**Task statement**
Transcribe nothing but the lines from the one with "Even those little" to the end of the entries, both included, keeping each exact and leaving every picture out.

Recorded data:

--- START ---

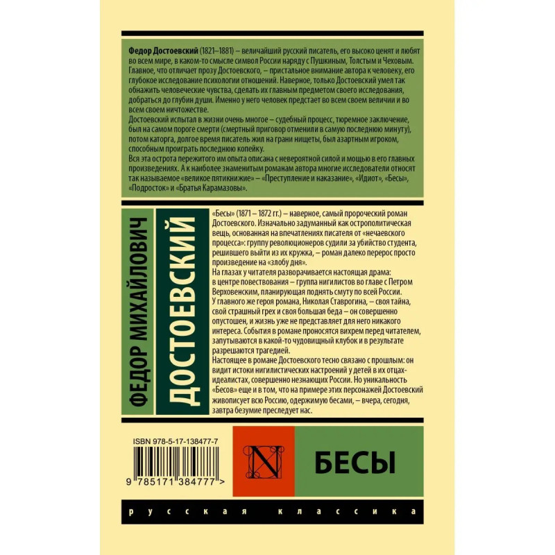 "Бесы" (1871-1872 гг.) наверное, самый пророческий роман Достоевского. Изначально задуманный как острополитическая вещь, основанная на впечатлениях писателя от "нечаевского процесса": группу революционеров судили за убийство студента, решившего выйти из их кружка, роман далеко перерос просто произведение на "злобу дня". На глазах у читателей разворачивается настоящая драма: в центре повестования группа нигилистов во главе с Петром Верховенским, планирующая поднять смуту по всей России. У главного же героя романа Николая Ставрогина своя тайна, свой страшный грех и своя большая беда он совершенно опустошен, и жизнь уже не представляет для него никакого интереса. События в романе проносятся вихрем перед читателем, запутываются в какой-то чудовищный клубок и в результате разрешаются трагедией. Настоящее в романе Достоевского тесно связано с прошлым: он видит истоки нигилистических настроений у детей в их отцах-идеалистах, совершенно не знающих России. Но уникальность "Бесов" еще и в том, что на примере
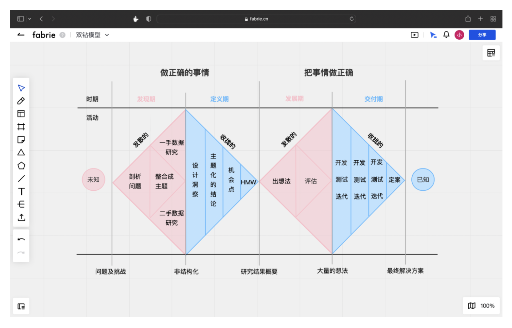 雙鉆模型是設(shè)計思維的核心框架,分為發(fā)現(xiàn)期、定義期、發(fā)展期、交付期四個階段,通過 “發(fā)散 - 收攏” 的循環(huán)確保設(shè)計方向正確且執(zhí)行到位。但很多設(shè)計師因缺乏工具支撐,難以完整踐行這一流程。
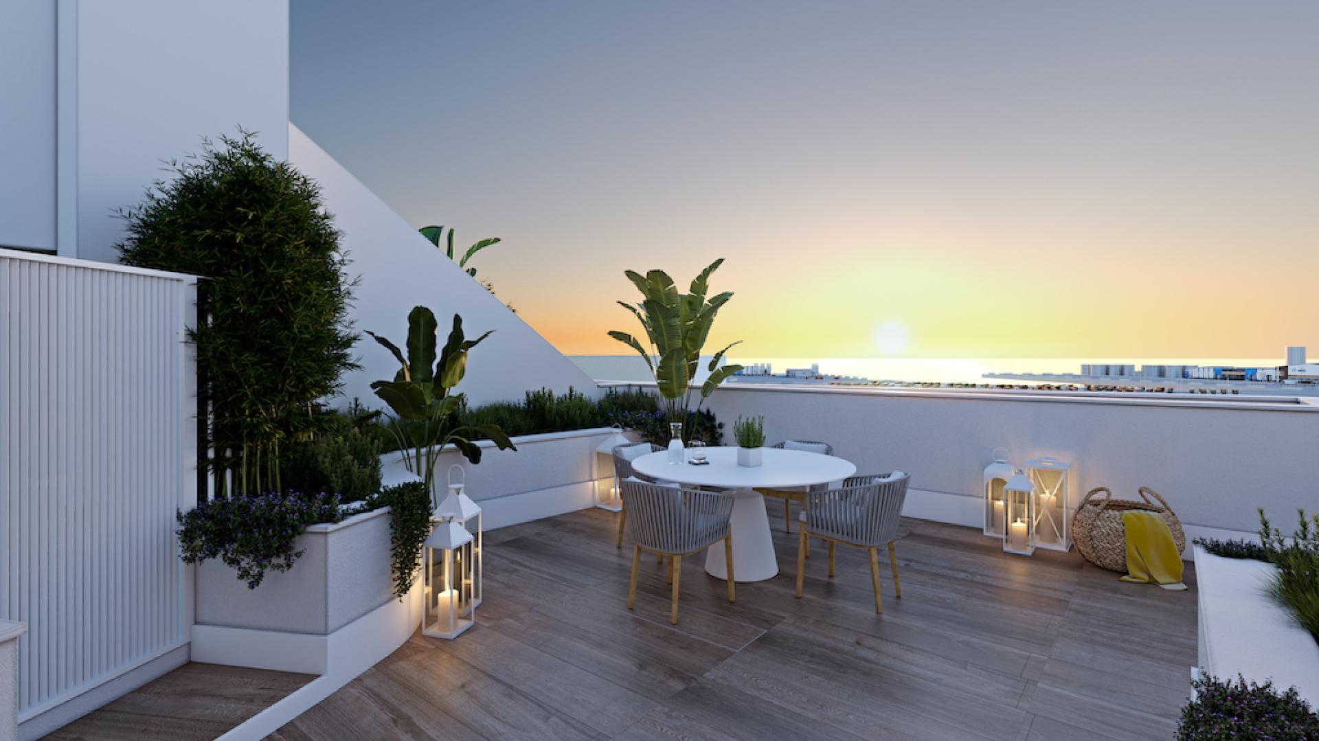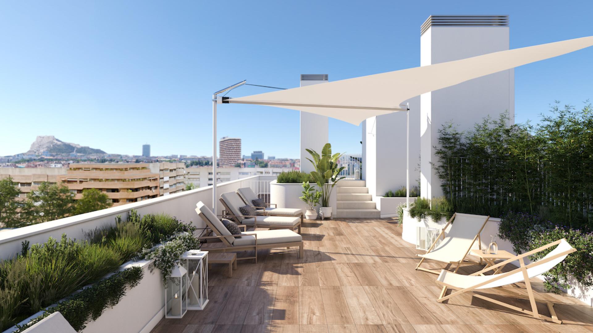 - Appartement - terrasse livré avec 3 Chambres et 2 Salles de bains, commun piscine et parking souterrain et débarras en option, situé à Alicante à la Costa Blanca sud en Espagne.
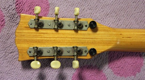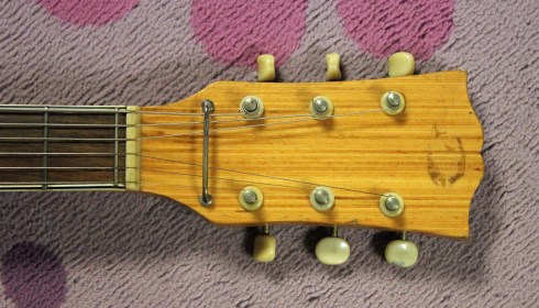 Even those little black plastic “stands” on the back of the headstock were put there so the guitar could be leaned against a wall or amp without rolling away!  So in my mind, it begs the question, why make a guitar like this?  I’m guessing that this was a crossover attempt to appeal to folk and bluegrass sensibilities that were becoming popular in the late 60s.  Then again, who knows!  Once again, the kind folks at Happy Guitar Repair did all the work on this one and got it playable.  And Mike Dugan does all the playing in the video.
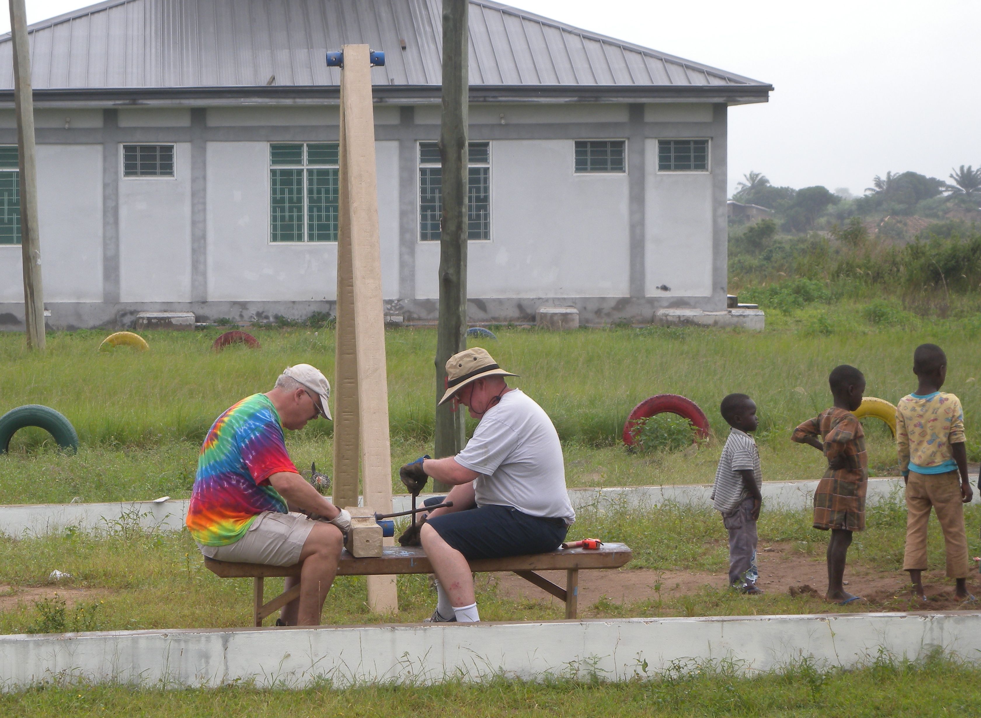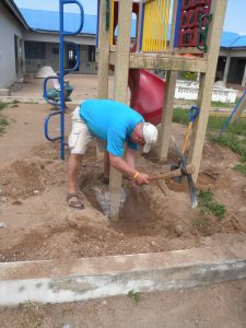 West Africa to tell you a little bit of my experiences working on the two member construction team of Bruce Neumann and myself. Our original goal was to take down old swing set and rebuild it with new materials we had sent over in a container months ago. Red tape and new governmental regulations has tied up the container for another month at the port of Tema.
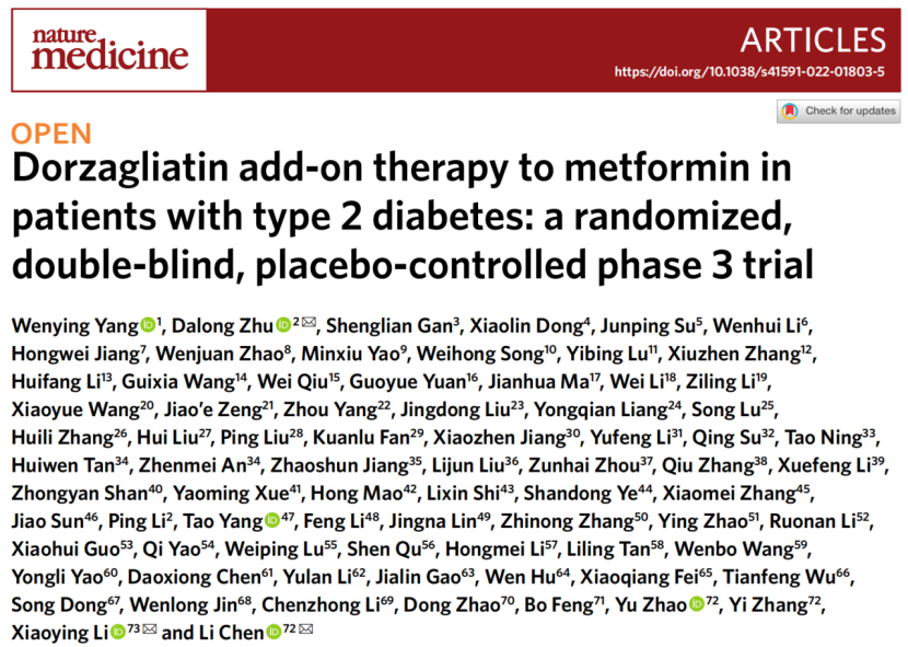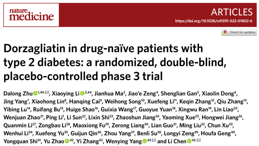 2022年5月12日,麻豆视频 附属鼓楼医院朱大龙教授团队在Nature Medicine杂志同时在线发表了两篇论文:“Dorzagliatin in drug-naïve patients with type 2 diabetes: a randomized, double-blind, placebo-controlled phase 3 trial”和“Dorzagliatin add-on therapy to metformin in patients with type 2 diabetes: a randomized, double-blind, placebo-controlled phase 3 trial”。文章报道了全球首创糖尿病新药葡萄糖激酶激活剂(GKA)多格列艾汀(dorzagliatin)的III期注册临床研究结果。两篇论文分别详细展示和描述了多格列艾汀单药(SEED研究)用于治疗新诊断未用药2型糖尿病患者,以及多格列艾汀联合二甲双胍(DAWN研究)用于治疗二甲双胍足量治疗失效2型糖尿病患者的临床疗效和安全特征。

--- END ---

**Response**
 Even those little black plastic “stands” on the back of the headstock were put there so the guitar could be leaned against a wall or amp without rolling away!  So in my mind, it begs the question, why make a guitar like this?  I’m guessing that this was a crossover attempt to appeal to folk and bluegrass sensibilities that were becoming popular in the late 60s.  Then again, who knows!  Once again, the kind folks at Happy Guitar Repair did all the work on this one and got it playable.  And Mike Dugan does all the playing in the video.
 West Africa to tell you a little bit of my experiences working on the two member construction team of Bruce Neumann and myself. Our original goal was to take down old swing set and rebuild it with new materials we had sent over in a container months ago. Red tape and new governmental regulations has tied up the container for another month at the port of Tema.
 2022年5月12日,麻豆视频 附属鼓楼医院朱大龙教授团队在Nature Medicine杂志同时在线发表了两篇论文:“Dorzagliatin in drug-naïve patients with type 2 diabetes: a randomized, double-blind, placebo-controlled phase 3 trial”和“Dorzagliatin add-on therapy to metformin in patients with type 2 diabetes: a randomized, double-blind, placebo-controlled phase 3 trial”。文章报道了全球首创糖尿病新药葡萄糖激酶激活剂(GKA)多格列艾汀(dorzagliatin)的III期注册临床研究结果。两篇论文分别详细展示和描述了多格列艾汀单药(SEED研究)用于治疗新诊断未用药2型糖尿病患者,以及多格列艾汀联合二甲双胍(DAWN研究)用于治疗二甲双胍足量治疗失效2型糖尿病患者的临床疗效和安全特征。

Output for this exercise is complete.